5. Il résulte de ces dispositions que la décision portant retrait d'une décision de non-opposition à déclaration préalable est au nombre de celles qui doivent être motivées en application de l'article L. 211-2 du code des relations entre le public et l'administration. Elle doit, par suite, être précédée d'une procédure contradictoire, permettant au titulaire de cette autorisation d'urbanisme d'être informé de la mesure qu'il est envisagé de prendre, ainsi que des motifs sur lesquels elle se fonde et de bénéficier d'un délai suffisant pour présenter ses observations. Le respect, par l'autorité administrative compétente, de la procédure contradictoire prévue par les dispositions de l'article L. 121-1 du même code constitue une garantie pour le titulaire d'une décision de non-opposition que cette autorité entend retirer. La décision de retrait est illégale s'il ressort de l'ensemble des circonstances de l'espèce que le bénéficiaire a été effectivement privé de cette garantie.
6. En l'espèce, il ressort des pièces des dossiers que le requérant a été invité, par une lettre en date du 29 juillet 2022, à présenter, dans un délai maximum de huit jours à compter de sa réception, ses observations sur le retrait des décisions de non-opposition à déclaration préalable qu'il avait obtenu le 13 mai 2022. Eu égard au seul motif de retrait envisagé par la commune, le délai laissé à M. B, qui n'établit pas ne pas avoir disposé d'un tel délai, ni avoir contacté les services de la mairie pour demander un délai supplémentaire, et qui n'indique pas de quelles observations il n'aurait pu faire état dans le délai qui lui était imparti, doit être regardé, alors même qu'il est intervenu en période estivale, comme suffisant pour assurer le caractère contradictoire de la procédure mise en œuvre par le maire de Nieurlet.
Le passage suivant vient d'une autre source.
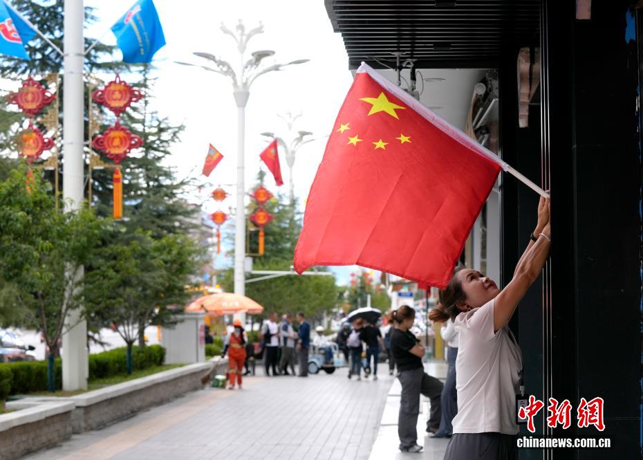 8月19日,随着西藏自治区成立60周年庆祝活动临近,拉萨氛围浓。拉萨街头,处处是张灯结彩的盛景,洋溢着一派祥和与欢腾的氛围。图为拉萨北京中路商铺悬挂国旗。

En outre, en se bornant à soutenir que le retrait des décisions de non-opposition à déclaration préalable ne lui aurait pas été notifié dans le délai de trois mois, le requérant n'apporte pas d'éléments de nature à établir que le délai prescrit n'aurait pas été respecté par la commune. Par suite, le moyen doit être écarté en ses deux branches.
7. En deuxième lieu, aux termes de l'article L. 212-1 du code des relations entre le public et l'administration : " Toute décision prise par une administration comporte la signature de son auteur ainsi que la mention, en caractères lisibles, du prénom, du nom et de la qualité de celui-ci. (). ".
8. Si les décisions en litige ne comportent pas, en méconnaissance de ces dispositions, une signature lisible et l'indication du prénom et nom du signataire, il ressort des pièces du dossier, notamment la circonstance que le requérant a été préalablement destinataire de plusieurs autres arrêtés du maire comportant ces indications (certificats d'urbanisme, arrêtés de non-opposition à déclaration préalable), que le maire de la commune, désigné en outre dans l'entête de ces arrêtés comme en étant l'auteur, pouvait être identifié comme étant également l'autorité signataire des arrêtés en litige. Dans ces conditions, la méconnaissance des dispositions de l'article L. 212-1 du code des relations entre le public et l'administration n'a pas, dans les circonstances de l'espèce, revêtu un caractère substantiel justifiant l'annulation des décisions attaquées.
9. En troisième lieu, aux termes de l'article L. 211-2 du code des relations entre le public et l'administration : " Les personnes physiques ou morales ont le droit d'être informées sans délai des motifs des décisions administratives individuelles défavorables qui les concernent. / A cet effet, doivent être motivées les décisions qui : / () 4° Retirent ou abrogent une décision créatrice de droits (). " Aux termes de l'article L. 211-5 du même code : " La motivation exigée par le présent chapitre doit être écrite et comporter l'énoncé des considérations de droit et de fait qui constituent le fondement de la décision. ".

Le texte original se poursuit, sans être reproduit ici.